(1.) THIS second appeal arises out of the following facts. Ashriff Ali sold 6 Bighas 10 biswas of land in corporated in Khasra No. 370 to one Surat Singh, Mutation in respect of this land was sanctioned in June 3, 1942. One Kundan filed a suit for pre-emption in respect of this sale on May 4, 1943. Since the sale had been made for a sum of Rs. 350/- only, it was prayed in the suit for pre-emption that a decree be granted in favour of the pre-emptor on the payment of this amount. This suit was dismissed by the learned Sub-Judge, Chhachhrauli, on November 22, 1946. On appeal, the learned District Judge decreed the suit on February 15, 1947. The learned District Judge passed the usual decree ordering that in case the sum of Rs. 350/- was paid on or before March 15, 1947, the suit filed by the pre-emptor shall stand decreed and in case of default the suit would stand dismissed. It is not disputed that the pre-emptor deposited a sum of Rs. 340/- only. In other words, the decretal amount short of Rs. 10/- only was deposited. On June 26, 1947, the decree-holders took out execution proceedings and it is stated by the learned counsel for the appellants that no notice regarding these proceedings was served upon the appellants. Even though the entire amount which was to be deposited under the pre-emption decree was not deposited by the respondents, they succeeded in getting possession of the land under orders of the executing Court. On October, 23, 1954, the present appellants filed a suit on the ground that since the respondents did not deposit the entire amount which they were called upon to deposit under the pre-emption decree, they were not entitled to dispossess the appellants. It was prayed in this suit that a decree for possession be granted in favour of the appellants. Both the Courts below have dismissed this suit on the ground that the matter in dispute relates to execution, discharge or satisfaction of the decree and was, therefore, barred under Section 47 of the Code of Civil Procedure.
(2.) THE learned counsel for the appellants has prayed that in pre-emption case the decree passed by a Court in a conditional decree. In case the pre-emption amount is not deposited on or before the date when it is ordered to be so deposited. The suit for pre-emption stands automatically dismissed. In that event it cannot be said that any decree in favour of the pre-emption was in existence. If there was no decree in favour of the pre-emptors, then the question of its execution, discharge or satisfaction does not arise. The learned counsel for the appellants has also relied upon a Full Bench decision of this Court in Surinder Nath v. Ram Sarup, AIR 1944 Lah 294, in which it was observed as under:-" where the party to the suit, against whom the suit has been dismissed does not choose to go to the executing Court either because he has no knowledge of what is happening there or because having knowledge he feels that he should wait and see what ultimately happens then in his case it cannot be said that by not going there the question is constructively decided against him. Such a person has two concurrent remedies and he can choose either of them.

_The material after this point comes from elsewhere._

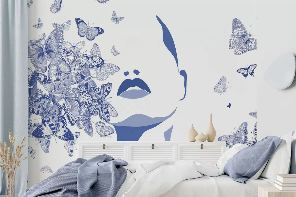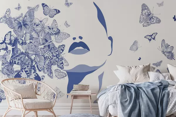 Фотошпалери Силует обличчя серед метеликів w04778v1
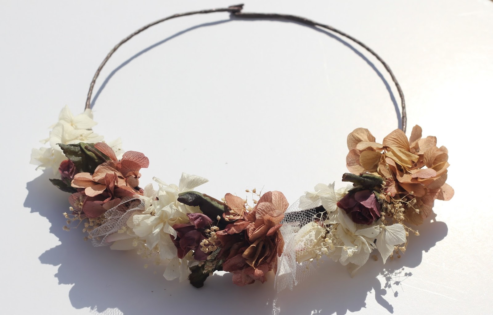 En SweetBohème trabajan con mucho detalle las flores combinando principalmente flores secas con flores preservadas y telas consiguiendo así un resultado totalmente perenne en el tiempo. El resultado son coronas y complementos con aire romántico y bucólico, además de femenino, natural y favorecedor.

If he acquires knowledge that his property is being wrongfully taken in execution of the decree he may choose the expeditious remedy of going to the executing Court and if he chooses that remedy, Section 47 will bar his subsequent suit for the same relief. But if either after having acquired knowledge or through ignorance he takes no steps to object to the wrongful sale of his property by the executing Court on no principle of law can his separate suit to take possession of the property wrongfully sold by the executing court be held barred. "
(3.) I see considerable force in the argument advanced by the learned counsel for the appellants. In case the express direction of the Court is not complied with by the so-called decree-holder in a pre-emption suit, then it cannot be said that the litigation results in a decree in his favour. Under these circumstances he is not at all entitled to take out execution proceedings. If such a pre-emptor decree-holder joins hands with some unscrupulous ministerial officials of a court and succeeds in dispossessing the vendee of the property lawfully purchased by him, he cannot be allowed to retain such a benefit because that would be tantamount to allowing him to retain the benefit which he has been able to secure by employing underhand means. The Code of Civil Procedure is meant for doing justice between the parties and cannot be used as a tool by a party to retain an undeserved advantage. The learned counsel for the respondents has however drawn my attention to saghar Mal v. Havat, 38 Punj Re 1898. In that case, it was held that whether the purchase money had been deposited in time was one arising between the parties to the suit in which the decree was passed and related to the execution thereof. It appears that the Chief Court was concerned with a case in which a due notice of the proceedings had been served upon the opposite side. As already observed, in this case the allegations of the appellants are that no notice of the execution proceedings was served upon them. In any case, in view of the decision in surinder Nath's case AIR 1944 PC 294 (supra ). I am not bound to follow a judgment of the Chief Court.